HOW TO COMPLETE THIS TASK:
Beginning at the line that contains "You can upload" and finishing at the line that contains "BAHAS KOPI –", output the data below exactly. Include both end lines and no pictures.

TASK INPUT below:

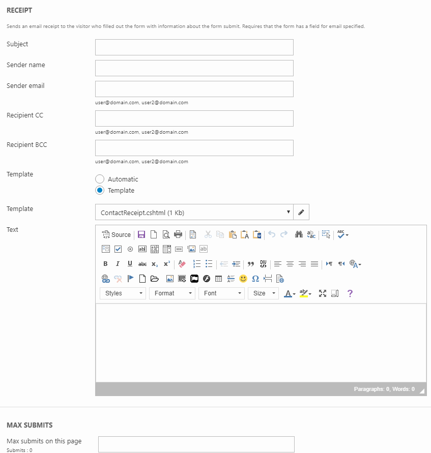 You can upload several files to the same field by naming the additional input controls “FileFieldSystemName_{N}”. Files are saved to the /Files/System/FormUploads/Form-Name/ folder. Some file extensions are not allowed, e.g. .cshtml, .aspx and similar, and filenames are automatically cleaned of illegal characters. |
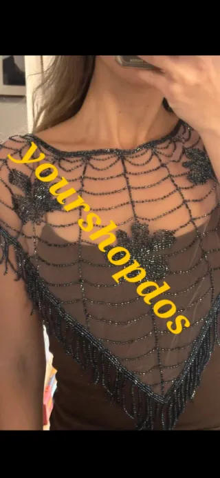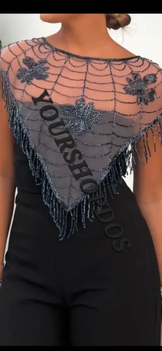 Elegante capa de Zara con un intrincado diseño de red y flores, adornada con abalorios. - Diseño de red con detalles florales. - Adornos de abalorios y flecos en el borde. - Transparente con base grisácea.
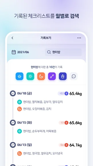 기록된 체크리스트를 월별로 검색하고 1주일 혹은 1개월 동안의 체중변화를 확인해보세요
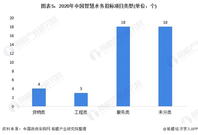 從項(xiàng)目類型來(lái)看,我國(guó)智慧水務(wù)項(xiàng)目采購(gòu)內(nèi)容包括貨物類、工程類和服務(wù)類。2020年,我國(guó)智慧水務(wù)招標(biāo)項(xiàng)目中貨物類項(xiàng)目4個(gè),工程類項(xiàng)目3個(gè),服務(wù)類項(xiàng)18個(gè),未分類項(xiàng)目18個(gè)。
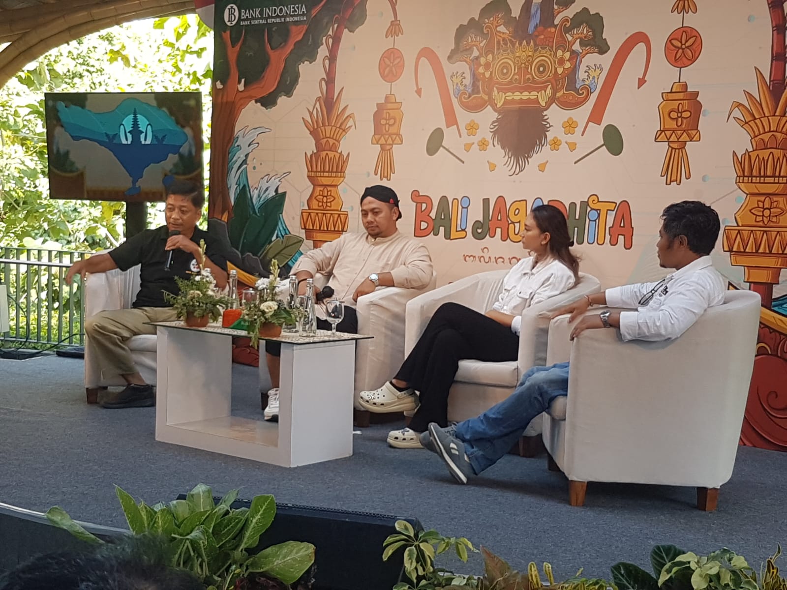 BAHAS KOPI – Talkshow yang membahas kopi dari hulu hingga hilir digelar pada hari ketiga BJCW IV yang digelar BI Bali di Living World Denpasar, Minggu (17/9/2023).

End of TASK INPUT.
TASK INPUT below:

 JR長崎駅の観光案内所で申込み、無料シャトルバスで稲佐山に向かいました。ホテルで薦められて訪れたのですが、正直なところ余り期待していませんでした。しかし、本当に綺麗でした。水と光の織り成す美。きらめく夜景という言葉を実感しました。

End of TASK INPUT.

RESULT:
 You can upload several files to the same field by naming the additional input controls “FileFieldSystemName_{N}”. Files are saved to the /Files/System/FormUploads/Form-Name/ folder. Some file extensions are not allowed, e.g. .cshtml, .aspx and similar, and filenames are automatically cleaned of illegal characters. |
 Elegante capa de Zara con un intrincado diseño de red y flores, adornada con abalorios. - Diseño de red con detalles florales. - Adornos de abalorios y flecos en el borde. - Transparente con base grisácea.
 기록된 체크리스트를 월별로 검색하고 1주일 혹은 1개월 동안의 체중변화를 확인해보세요
 從項(xiàng)目類型來(lái)看,我國(guó)智慧水務(wù)項(xiàng)目采購(gòu)內(nèi)容包括貨物類、工程類和服務(wù)類。2020年,我國(guó)智慧水務(wù)招標(biāo)項(xiàng)目中貨物類項(xiàng)目4個(gè),工程類項(xiàng)目3個(gè),服務(wù)類項(xiàng)18個(gè),未分類項(xiàng)目18個(gè)。
 BAHAS KOPI – Talkshow yang membahas kopi dari hulu hingga hilir digelar pada hari ketiga BJCW IV yang digelar BI Bali di Living World Denpasar, Minggu (17/9/2023).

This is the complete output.